И, уже прощаясь с Гридневым у трапа маленького Ан-24, спросил серьезно:
— Зачем сам прилетел, раз такая спешка? Неужто наши люди побеседовать с ней не смогли бы?
— Смогли бы, Рахим, кто сомневается. Да только подопечный наш, Каринцев, очень меня интересует. Хочется покопаться в нем, в детстве его, и поподробнее, поглубже. Какой разговор пойдет с Мурадовой — еще не ведаю. А что услыхать от нее хочу — тоже пока не знаю…
Точно в назначенное время (силен Алтыев в математике!) белая «Волга» притормозила у глинобитной стены, окружавшей крохотный двор, в глубине которого притулился маленький дом с плоской крышей. По дорожке, укрытой от зноя крышей из виноградной лозы, навстречу Гридневу шла старая женщина в длинном темно-вишневом платье, глухой ворот которого держала массивная серебряная брошь, усыпанная крупными сердоликами.
— Дурсун Мурадовна?
— Жду вас, предупреждена, — она говорила по-русски с заметным акцентом, как человек, выучивший язык уже в зрелом возрасте, и не без труда. — Проходите в дом, дорогой гость.
Комната, в которую она привела Гриднева, была обставлена спартански скудно: старенький потертый текинский ковер на полу, обеденный стол, не покрытый скатертью, четыре венских стула вокруг, у окна — видавший виды КВН-49, первенец отечественной промышленности, с пузатой линзой, ничуть, как помнил Гриднев, не улучшавшей изображения. И единственное украшение комнаты — книги, заполнившие стеллажи вдоль всех стен.

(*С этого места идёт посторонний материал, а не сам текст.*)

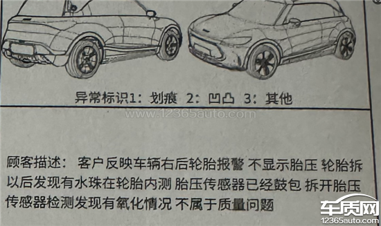 smart精灵1胎压传感器质量问题,正常用车场景胎压传感器鼓包报错。smart售后给定性为补胎喷水喷多了导致。提出异议后smart要求拆开传感器检查是否有进水,拆开后传感器内并无水渍。smart定性故障不是质量问题且给两版结论。
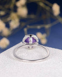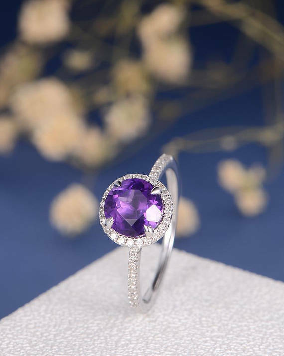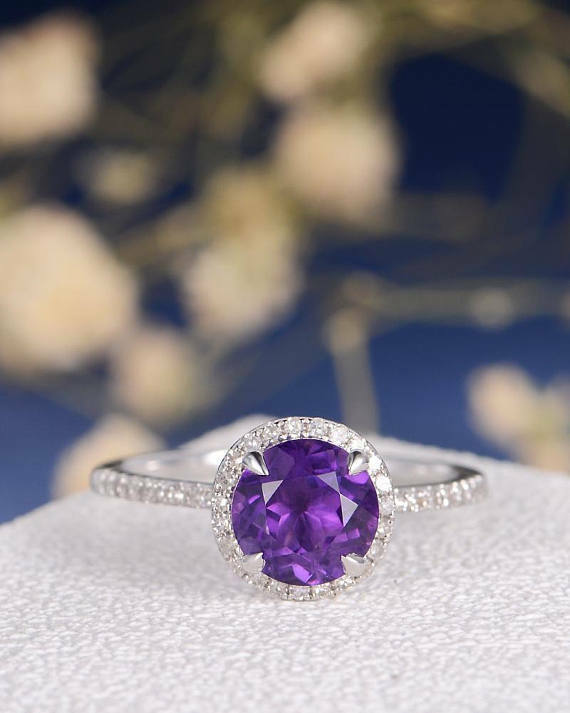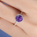 1ct Round Purple Amethyst Halo Solitaire Engagement Ring 14k White Gold Finish

Хозяйка подождала, пока гость усядется на жесткий стул, сама села напротив, села очень прямо, уложила на неполированную доску стола большие узловатые руки, которые, видно, не только книги да тетради перелистывали, но и землю копали, обрабатывали, и лопату знали, и мотыгу, и жар печи или костра.
Маленькая, тоже старая женщина — сестра? — в таком же темном платье бесшумно вошла, поставила на стол пиалушки, вазочку с дешевыми конфетами, разлила чай и, оставив пестрый чайник, так же бесшумно скрылась.
— Слушаю вас. — Мамедова смотрела внимательно и серьезно, понимая, что гость издалека приехал не чаи распивать, и нет смысла терять время, занимать его разговором о погоде, о видах на урожай хлопка или еще о чем-нибудь необязательном, пустом.
— Дурсун Мурадовна, я хочу расспросить вас об одном из ваших воспитанников, давних воспитанников.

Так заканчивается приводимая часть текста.